I have a couple of slices as a pre workout meal.


----------



## TELBOR

Mingster said:


> I have a couple of slices as a pre workout meal.


This ^^^

I do exactly the same lol.

Probably only once week, but I'll have a loaf during the week


----------



## mal

nice with spread on it,its cheap in aldis sometimes 2 for 1 offer.


----------



## TELBOR

mal said:


> nice with spread on it,its cheap in aldis sometimes 2 for 1 offer.


Exactly! 2 for £1 in aldi 

Great with PB on it!


----------



## Mighty Sparrow

Depends if you plaster it in butter or not!?


----------



## cudsyaj

Mighty Sparrow said:


> Depends if you plaster it in butter or not!?


I just ate the whole loaf plain in 4 chunks over the course of the day... including one pre-workout.


----------



## Mighty Sparrow

cudsyaj said:


> I just ate the whole loaf plain in 4 chunks over the course of the day... including one pre-workout.


In just 4 chunks!! Thats some serious chewing!!!


----------



## cudsyaj

Mighty Sparrow said:


> In just 4 chunks!! Thats some serious chewing!!!
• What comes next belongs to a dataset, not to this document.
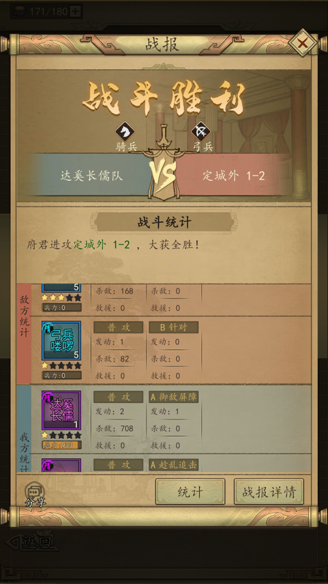 - 胜利后可通过战报查看详细战斗数据。

Lol, only pussies chew, I swallow that sh!t whole


----------



## mac1969

Stuff is amazing spread with no fat greek yoghurt and slice banana on top :thumb:


----------



## madmuscles

I'm still waiting for Adam Richman from Man Vs Food, to cut one open, fill with 10 different kinds of cheese, dip in batter, deep fry it and then serve it with some Slaw and a lb of fries, lol


----------



## Shaun84

It's awesome with a slice if extra mature cheddar on top


----------